AI technology is gaining momentum and becoming more reliable each day. In the security industry, we are seeing a myriad of AI applications, and a wealth of opportunities: both for consumer-end surveillance and central station monitoring.

Sifting Through Footage

One of the downfalls of security footage is that most systems do not have someone constantly monitoring the live feed. It's too expensive, unrealistic, and actually unreliable. AI technology, however, is helping to bridge that gap in a big way.

We are seeing new features and capabilities in the AI space being recognized in the security industry all the time now. For example, Comcast cameras now filter through motion activity, based off people or vehicles in order to help customers easily find footage of individuals coming to the door, or even to catch package thieves.
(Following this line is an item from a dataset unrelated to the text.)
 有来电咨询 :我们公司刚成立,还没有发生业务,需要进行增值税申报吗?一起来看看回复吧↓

On an even more robust scale, IC Realtime’s Ella utilizes AI to help users sift through video footage with a surprising amount of detail. Ella has the ability to recognize extremely specific things, and allows users to implement search queries for types of animals, individual car makes and models, men or women, and clothing color.

In this way, AI technology has the potential to save everyday consumers, as well as law enforcement officials, and a huge amount of time, simply by making it easier to find the surveillance videos they are looking for and bypassing irrelevant information.
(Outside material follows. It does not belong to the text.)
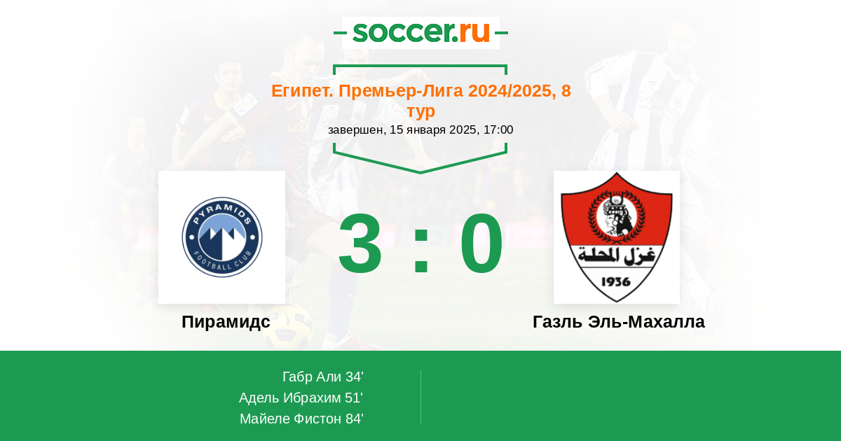 34' ГолЛоготип ПирамидсГабр Али (5, з) (Логотип ПирамидсЭль Карти Валид (18, п)) - 1:0

“The end goal of autonomous AI is that you really don’t need a human monitoring videos anymore. They simply monitor the events and react to those events,” says Shawn Guan, CEO of Umbo Computer Vision.

Facial Recognition

Facial recognition is another technology we’re seeing make waves in the surveillance space. And one that has not come onto the scene without controversy.

Through facial recognition, cameras are able to pinpoint and track specific people or individual characteristics. The application for this technology (specific to the security industry) includes:

  • Crime Prevention
  • Targeted Advertising
  • Locating Missing Persons
  • Protecting Performers or Law Enforcement
  • Controlling Access to Restricted Areas

Identifying “Unusual” Behavior

One particular area that many facial recognition experts are interested in advancing is the identification of “unusual” behavior. Even beyond recognizing specific people marked as threats, this could take the form of reading the body language of anyone who comes through the door of a bank with ill intentions, or students in the hallway that are about to fight.

Boulder AI is one example of a company exploring the possibilities of this kind of advanced analysis. They are currently working on a system designed to analyze suspicious behaviors of people at banks. They are making use of both old security camera footage as well as shooting their own video with actors, in order to train their system.

“We’re specifically looking for bad guys, and detecting the difference between a normal actor and someone acting out of bounds,” says Boulder founder, Darren Odom.

An Application in Central Station Monitoring

Another place we could see AI enter the security industry is in central station monitoring. While most AI applications are currently being recognized on the front-end of user experience, there could be even more use for AI technology on the back-end as well.

Google Duplex is one example of an AI software that makes use of natural language in order to help customers interact with businesses. And while this technology is still in the early phase of implementation—currently only being used to book appointments at hair salons and make restaurant reservations—it’s not hard to imagine an application for this technology in businesses that rely heavily on human operators (i.e. central stations).